I have noticed many espousing an argument in favor of paedocommunion based on typological connections found in Scripture. For example, typical arguments I have heard are:



> [In] John 6:14... "The Jews then murmured at him, because he said, *I am the bread which came down from heaven*." (emphasis mine) Manna was the body of Christ. All ate of it. (see 1 Cor. 10) But nowadays children can't eat Christ. Jewish kids could be one with Christ, but not us... A _better_ covenant you say? _More_ grace? What verse in scripture tells us explicitly to keep young children (those rotten little pagans!) away from the table? There are none. The only reason to not allow children to the table that some say is that "they do not understand it". Does Christ say "as often as you _understand_ this, _understand_ it in rememberance of me"? He says do it.
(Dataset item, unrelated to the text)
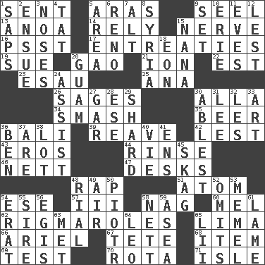 ACROSS 1. Transmitted 5. Ancient river in northeast Turkey 9. Sew up the eyelids of hawks and falcons 13. Small Philippine buffalo 14. Have trust in 15. Boldness 16. Inconspicuous attention getter 17. Pleas 19. Take to court 20. E Mali city 21. Electrically charged atom 22. Eastern Standard Time (abbr.) 23. Son of Isaac 25. Santa ___, CA 26. Gurus 30. Silent film actress Nazimova 34. Box-office sellout 35. Fermented drink made from hops 36. Indonesian resort city 39. Break or tear apart 42. For fear that 43. Greek god of love 44. Wash lightly 46. Remaining after all deductions 47. Writing tables 48. Strike 51. Tiny particle 54. Compass dir. 57. One more than two 58. Tired old horse 60. Cartoonist voice _ Blanc 62. Frustrating wastes of time 65. Pale green bean 66. Satellite of Uranus 67. False hair 68. A whole individual unit 69. Trial 70. Round or rotation of duties 71. Capri or Wright DOWN 1. Plant excrements 2. Follow as a consequence or result 3. Olfactory organs 4. Make lace 5. Type of rug 6. Western Nevada city 7. The first octave above the treble staff 8. Damascus' land 9. Put into a specified state 10. One of the Great Lakes 11. Nights before holidays 12. For fear that 15. Grandmother 18. Period of immesurable duration 20. Island territory of the United States 24. Aid 27. Slender fish 28. Compass dir. 29. Pottery fragment 30. Most capable 31. Area sheltered from the wind 32. French article 33. Nonscientific branch of learning 36. Benjamin's nick name 37. "We ___ not amused" (Victoria) 38. Car dealer's back yard 40. Compete 41. Followers of ems 45. Heroin 48. Monetary unit of Yemen 49. Wind 50. Peter (Polish) 52. Leaves out 53. Klaipeda city 54. Part of Q.E.F. 55. Male parent of an animal 56. The front part of a cuirass 58. Remaining after all deductions 59. At sea 61. Unable to walk 63. Was introduced to 64. Lion 65. Cards in a Roman deck?
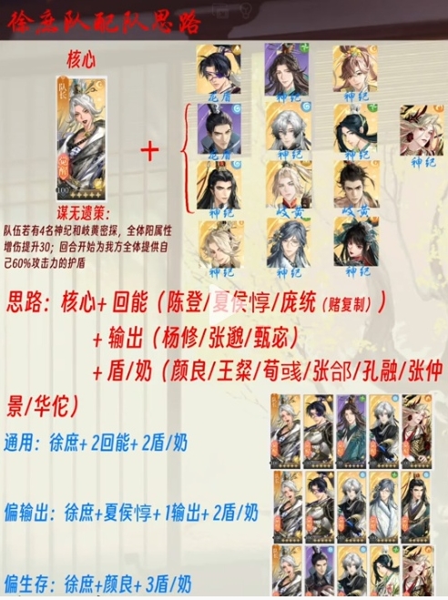 偏向生存阵容:以徐庶为基础,联合颜良,并配备三位防护/治疗型武将,以确保队伍的持久战力。

Also, if the requirement is to understand the table, then why is manna (which is Christ just like the bread) called "manna" which means "what is this?" They did not know what it was, yet all ate of it.



and



> 1 Corinthians 10...
> 
> "Moreover, brethren, I would not that ye should be ignorant, how that *all* our fathers were under the cloud, and *all* passed through the sea; And were *all* baptized unto Moses in the cloud and in the sea; And did *all* eat the same spiritual meat; And did all drink the same spiritual drink: for they drank of that spiritual Rock that followed them: and that Rock was Christ." (emphasis mine)
> 
> ...



Thoughts?


----------



## Scott Bushey (Jul 30, 2005)

The LORDS supper has different requirements. The supper IS NOT the passover meal.


----------